February 2015 Link Round-Up
A big case out of the Court of Appeals earlier this year didn’t get any play here on the Blog, but generated a bit of fallout discussion elsewhere in the online Maryland legal community last month, including write-ups by Ann Marie Mehlert of Lerch, Early & Brewer and Catherine A.B. Simanski of Rollins, Smalkin, Richards & Mackie. Described by Catherine in her post as arising from “a feud of ‘Hatfields and McCoys’ proportions over parking spots situated between a condo association and a homeowner’s association,” Falls Garden Condominium Ass’n, Inc. v. Falls Homeowners Ass’n, Inc., Md. Ct. App., No. 30, Sept. Term 2014 (Jan. 27, 2015), grabbed some attention by holding that a letter of intent (that’s an “LOI” among acronym-savvy attorneys) for a settlement agreement was still binding on the parties even though they couldn’t eventually agree on the terms of a lease that was meant to satisfy the proposed settlement. In analyzing the outcome, Ann Marie offered that most real-estate professionals “have always viewed the LOI as an efficient means to get business terms out on the table and agreed to before negotiating a lease” and “usually understand that the LOI is non-binding.”
For its holding that the LOI contained all the essential or material terms of the deal, and was therefore binding, the Court of Appeals was able to distinguish Falls Garden Condominium Ass’n from an earlier case in which an LOI was held to be non-binding, Cochran v. Norkunas, 398 Md. 1 (2007). Ann Marie didn’t seem to find the differences in the cases quite as apparent, but, either way, advised that Falls Garden Condominium Ass’n essentially makes explicit language expressing the non-binding nature of an LOI a must if the parties don’t want to be locked into it. Meanwhile, Catherine hypothesized that the ruling could be applied to make more oral settlement agreements enforceable.
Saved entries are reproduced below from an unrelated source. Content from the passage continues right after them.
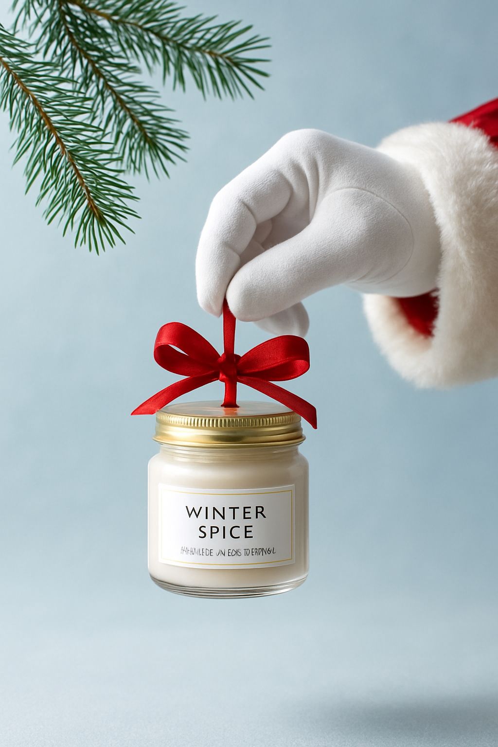 Premium Christmas-themed studio product shot with a soft icy-blue background. A 17 realistic pine tree branch extends from the top left corner. A white-gloved Santa hand, wearing a red velvet sleeve with white fur trim, gently holds a ribbon tied to a hanging product jar. Replace the jar with my product, keeping the same angle, size, and ribbon placement. Soft shadows on the background, bright winter lighting, clean festive aesthetic. Subtle holiday mood without clutter. Hyper-realistic details, crisp highlights, smooth skin on glove texture,
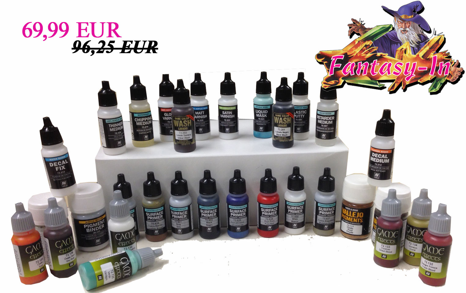 Das Vallejo Effekte Komplett Set ist eine Zusammenstellung der gebräuchlichsten und besten Farben und Medien, um einem bemalten Modell entscheidende Merkmale zu geben. Von einfachen Gebrauchsspuren über Verwitterungs- und Alterungseffekten bis zu der realistischen Darstellung von Kampfschäden. Das Set bietet Einsteigern wie auch fortgeschrittenen Malern die Möglichkeit, alle Arten von Effekten darzustellen.
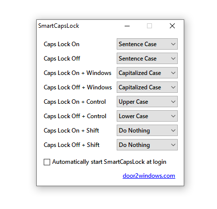 单击“登录时自动启动SmartCapsLock”,以便该应用程序自动从Windows启动。确保不要将应用程序从当前存在的目录中移出,否则必须再次单击该选项。CAPS LOCK当应用未运行时,将恢复为原始行为。
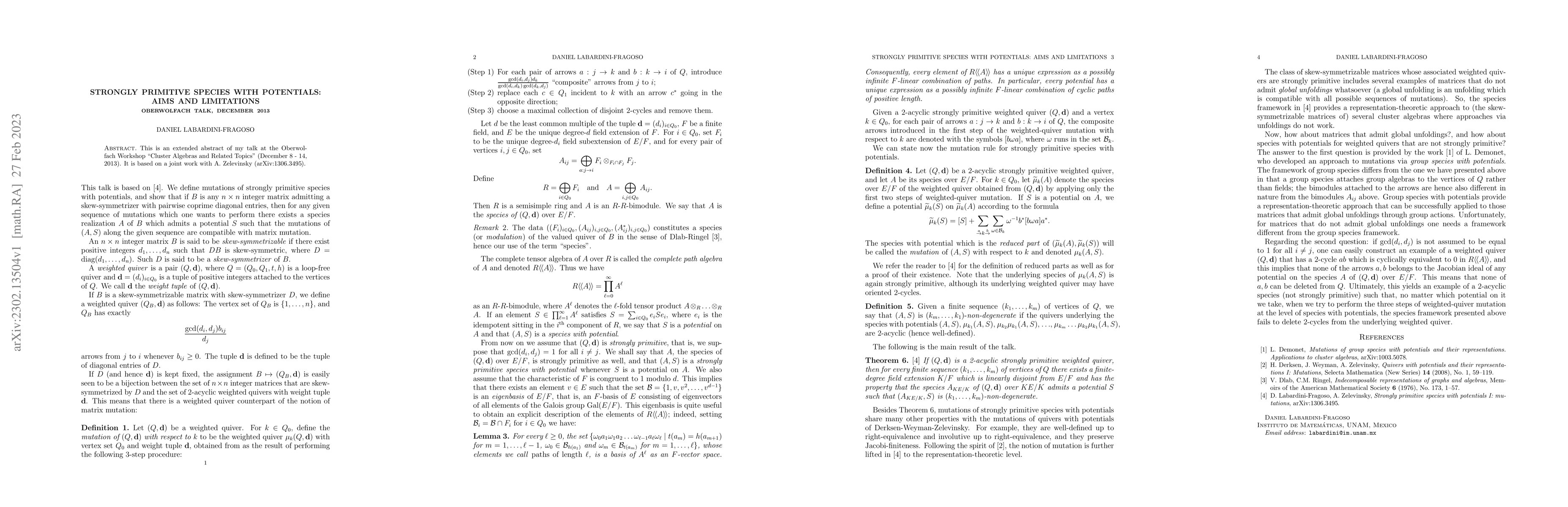 This paper explores strongly primitive species with potentials, focusing on their aims and limitations, based on collaborative work with A. Zelevinsky. The findings highlight both the theoretical potential and practical constraints of these mathematical constructs.
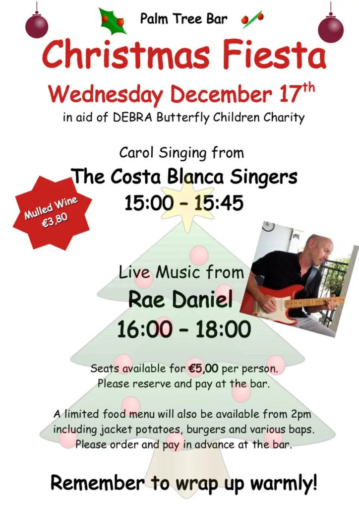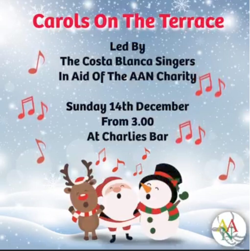 - Sunday 14th December: Charlies Bar, La Marina Urb. from 3:00: Carols on the terrace; Join us in for a Sing-Along afternoon in aid of the AAN charity
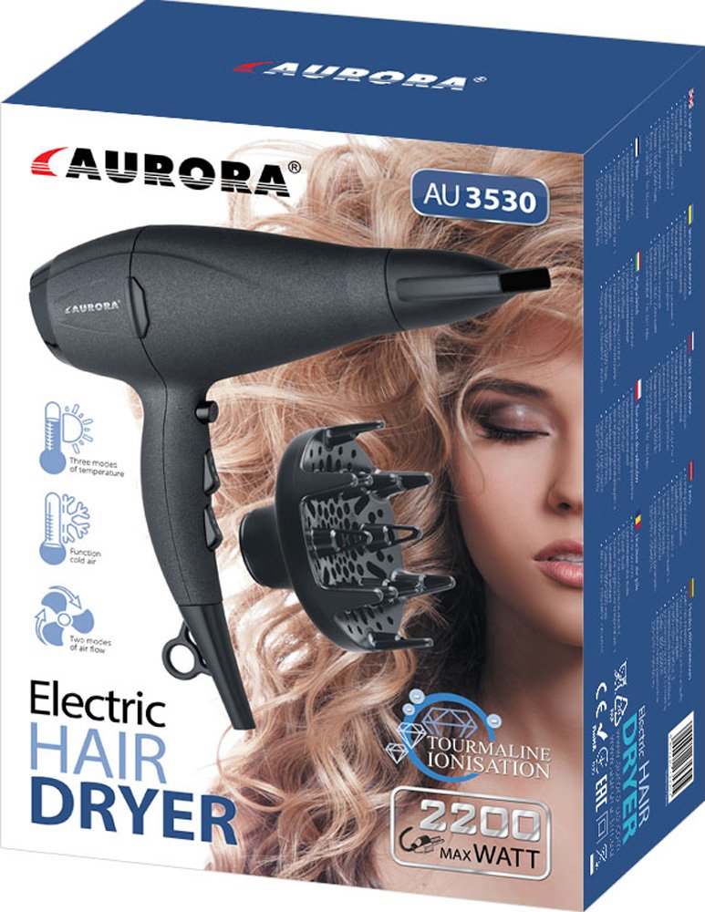 Бытовой фен; мощностью 2200 Вт; кол-во режимов интенсивности воздушного потока 2; кол-во режимов нагрева воздушного потока 3; независимая регулировка нагрева и воздушного потока; подача холодного воздуха; функция ионизации; насадки в комплекте: концентратор, диффузор; петля для подвешивания.
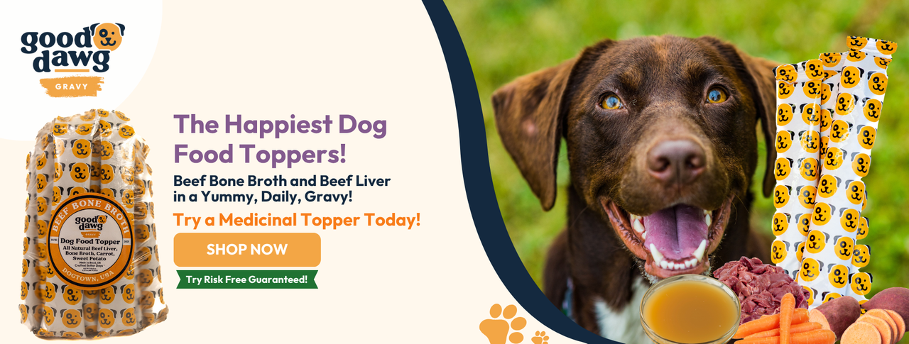 A dog food topper is a product you add to your dog's regular meals, typically meant to enhance the flavor and texture. Good Dawg Gravy toppers are crafted to taste great and provide the highest nutritional support available in the Food Topper Market. They are not meant to replace your dog's primary food, but rather to supplement it.
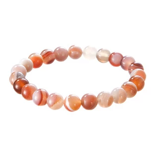Elegantní náramek je vyroben z pravého pruhovaného achátu, který okouzluje svými jemnými odstíny hnědé a bílé. Korálky o velikosti 8 mm vytvářejí harmonický kontrast přírodních barev a jedinečných pruhovaných vzorů, díky nimž je každý náramek originálním kouskem. Je považován za mocného ochránce a stabilizátora energie, který pomáhá najít vnitřní rovnováhu a klid. Jeho jemná, ale vytrvalá síla podporuje emocionální vyrovnanost a pomáhá překonávat životní výzvy s grácií a moudrostí. Elastické provedení zajistí pohodlné nošení a snadné přizpůsobení každému zápěstí.
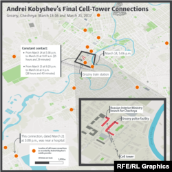 And an investigation by RFE/RL has found that in the days after Kobyshev vanished, his phone was in repeated contact -- including stretches of 15 and 18 consecutive hours -- with a cell tower less than 300 meters from the Grozny police compound where Lapunov claims they were held captive.
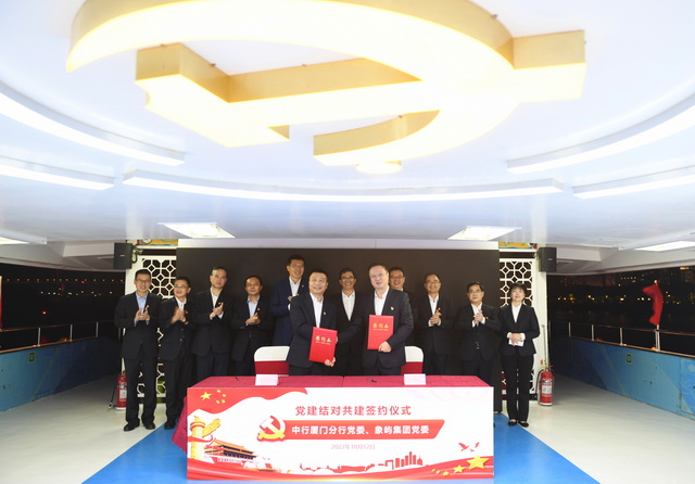 象嶼集團自成立之初,就與廈門中行開展良好合作并結成深厚友誼,是中行的總行級A類重點客戶,雙方在集團的五大業(yè)務板塊和跨境業(yè)務等領域均有深入合作。今后,雙方將以此次黨建共建簽約為新的起點,實現(xiàn)資源共享、責任共擔、優(yōu)勢互補,帶動業(yè)務合作、高質量發(fā)展邁上新臺階,攜手促進廈門地區(qū)的產業(yè)發(fā)展和經濟繁榮,以實際行動迎接黨的二十大勝利召開。
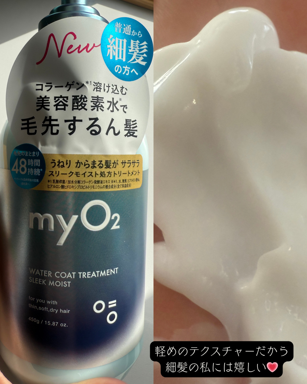 myO2さまからいただきました🎀myO2ウォーターコートシャンプー/トリートメント✨シャンプー難民に使ってみてほしい!サロンレベルの髪質別発想❣️私は細めの髪なのでスリークモイスト🩵重くないのになめらかにハリのある洗い上がり🥰使用感好きぃ🫶香...
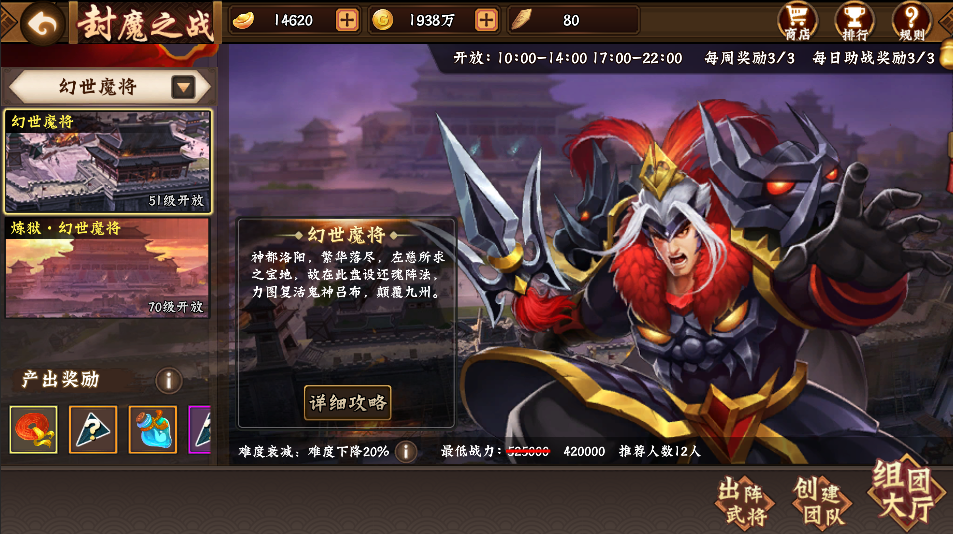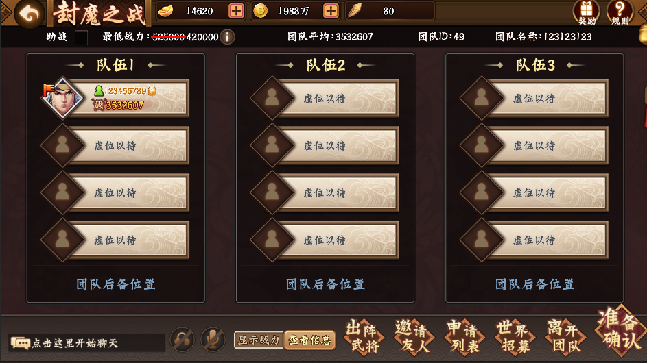 下面有邀请按钮,邀请好友。申请列表,可以同意别人加入团队。世界招募,可发送招募口令。点击显示战力,可以查看玩家战力,以及是否拥有伏魔令。此界面玩家显示的头像即是该玩家选择出阵的武将,需要合理搭配阵容,建议一个小队起码要有一个辅助武将。当所有玩家点击右下角准备确认时,团长即可点击开始团战。

Another notable opinion out of the Fourth Circuit last month, EEOC v. Freeman, No. 13-2365 (4th Cir., Feb. 20, 2015), drew comment on the Blog from contributor Derek Stikeleather and Melissa Loureiro of Goodell DeVries. Also chiming in was Kevin Cox of Kollman & Saucier, who, in discussing the affirmation of the district court’s exclusion of the EEOC’s expert and summary judgment on its disparate-impact claim, similarly made note of Judge Agee’s concurring take-down of the Agency. Kevin also speculated that employers “are likely disappointed that the Fourth Circuit stopped short of analyzing whether the employer’s background check policy was lawful” and hoped that the decision puts the EEOC “on notice that it must base its disparate impact claims on rigorous statistical data and analysis.”